--- DATA ---
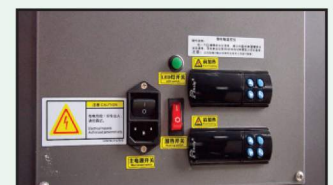
Heating system and suction adjustment Set the temperature & improve the printing quality
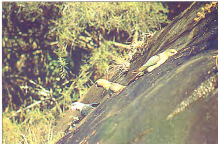
Cape Parrots fly from their perches into the scrub on a slope. They are on their way to a rock pool, fed by a small stream.

General findings with conservation implications include the importance of the yellow-woods to Cape Parrots. These trees are long-lived, and often the tallest trees in the
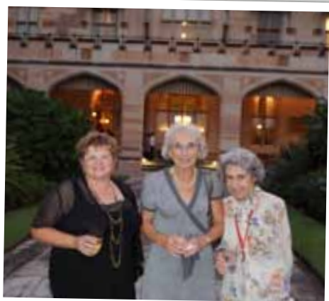
Ward Grandparents at our Reception at NSW Government House in March
---
EXERCISE REQUIREMENTS: Each line above should be output exactly, apart from the pictures.

SOLUTION:
Heating system and suction adjustment Set the temperature & improve the printing quality
Cape Parrots fly from their perches into the scrub on a slope. They are on their way to a rock pool, fed by a small stream.

General findings with conservation implications include the importance of the yellow-woods to Cape Parrots. These trees are long-lived, and often the tallest trees in the
Ward Grandparents at our Reception at NSW Government House in March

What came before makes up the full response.